- **YOUR ASSIGNMENT**:
Reproduce the listing below character for character; drop every image.

- **AVAILABLE DATA**:
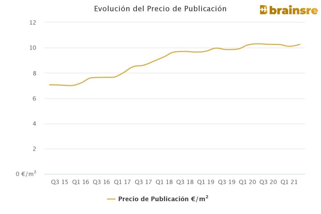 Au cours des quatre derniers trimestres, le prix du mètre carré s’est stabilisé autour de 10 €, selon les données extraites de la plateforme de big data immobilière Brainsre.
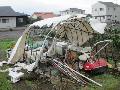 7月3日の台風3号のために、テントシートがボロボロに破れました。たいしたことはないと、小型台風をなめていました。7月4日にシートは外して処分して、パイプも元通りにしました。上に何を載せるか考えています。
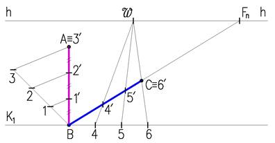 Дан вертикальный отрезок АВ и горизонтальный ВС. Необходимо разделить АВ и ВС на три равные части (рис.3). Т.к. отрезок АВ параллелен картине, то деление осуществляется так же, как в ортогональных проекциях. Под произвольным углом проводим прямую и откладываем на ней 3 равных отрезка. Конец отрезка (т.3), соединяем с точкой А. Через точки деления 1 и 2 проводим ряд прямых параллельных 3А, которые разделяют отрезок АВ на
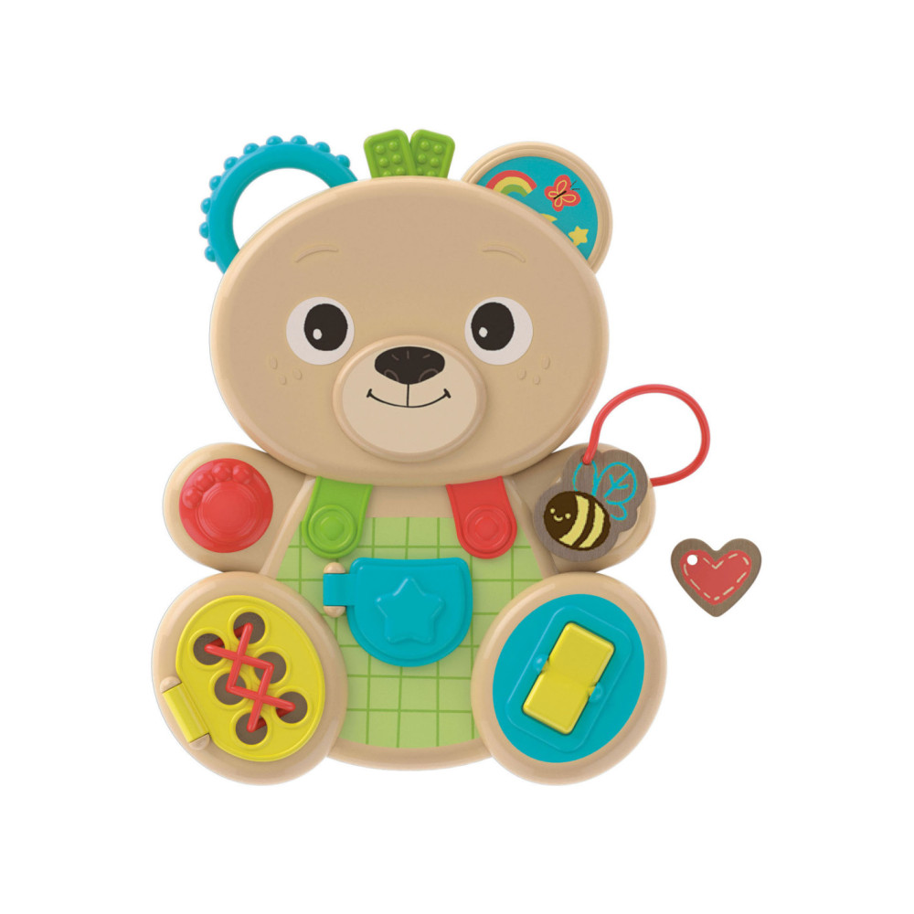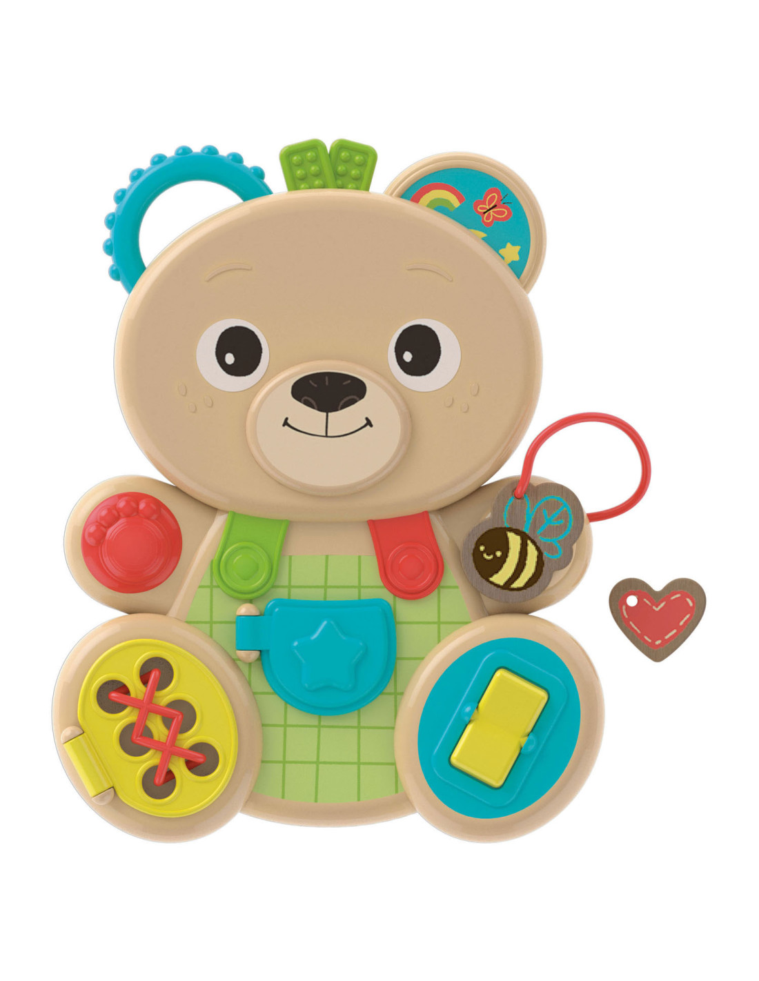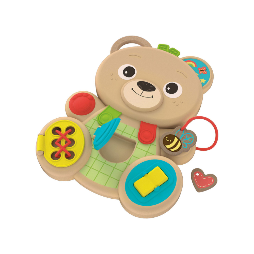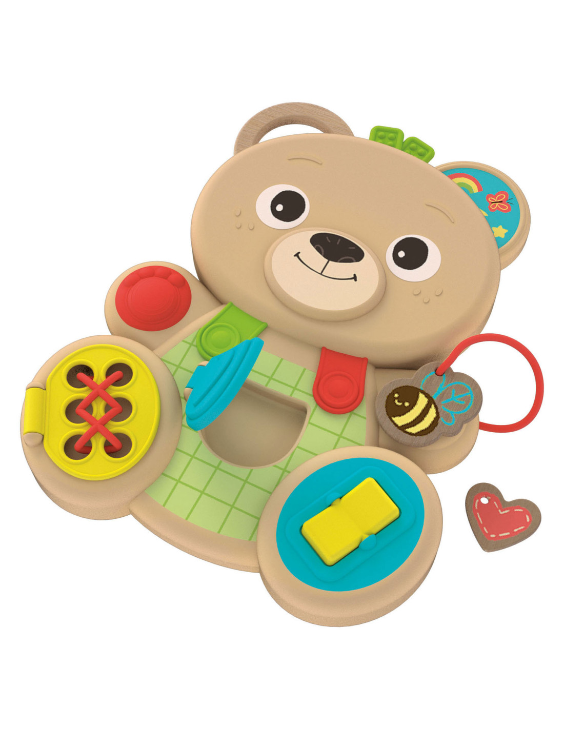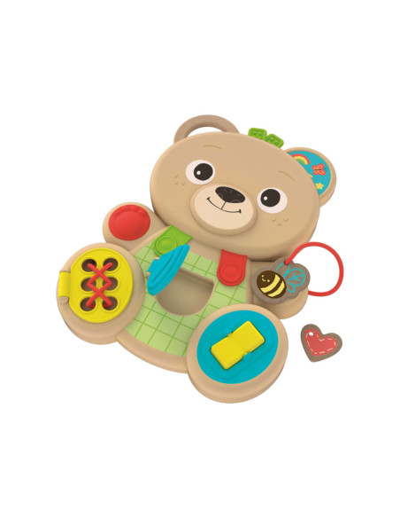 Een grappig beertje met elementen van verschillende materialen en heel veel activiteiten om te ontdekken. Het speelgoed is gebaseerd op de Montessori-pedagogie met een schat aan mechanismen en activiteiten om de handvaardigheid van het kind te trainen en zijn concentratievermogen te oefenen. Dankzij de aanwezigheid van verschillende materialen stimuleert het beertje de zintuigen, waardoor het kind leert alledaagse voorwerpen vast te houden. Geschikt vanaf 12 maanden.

- **SOLUTION TO THIS EXERCISE**:
 Au cours des quatre derniers trimestres, le prix du mètre carré s’est stabilisé autour de 10 €, selon les données extraites de la plateforme de big data immobilière Brainsre.
 7月3日の台風3号のために、テントシートがボロボロに破れました。たいしたことはないと、小型台風をなめていました。7月4日にシートは外して処分して、パイプも元通りにしました。上に何を載せるか考えています。
 Дан вертикальный отрезок АВ и горизонтальный ВС. Необходимо разделить АВ и ВС на три равные части (рис.3). Т.к. отрезок АВ параллелен картине, то деление осуществляется так же, как в ортогональных проекциях. Под произвольным углом проводим прямую и откладываем на ней 3 равных отрезка. Конец отрезка (т.3), соединяем с точкой А. Через точки деления 1 и 2 проводим ряд прямых параллельных 3А, которые разделяют отрезок АВ на
 Een grappig beertje met elementen van verschillende materialen en heel veel activiteiten om te ontdekken. Het speelgoed is gebaseerd op de Montessori-pedagogie met een schat aan mechanismen en activiteiten om de handvaardigheid van het kind te trainen en zijn concentratievermogen te oefenen. Dankzij de aanwezigheid van verschillende materialen stimuleert het beertje de zintuigen, waardoor het kind leert alledaagse voorwerpen vast te houden. Geschikt vanaf 12 maanden.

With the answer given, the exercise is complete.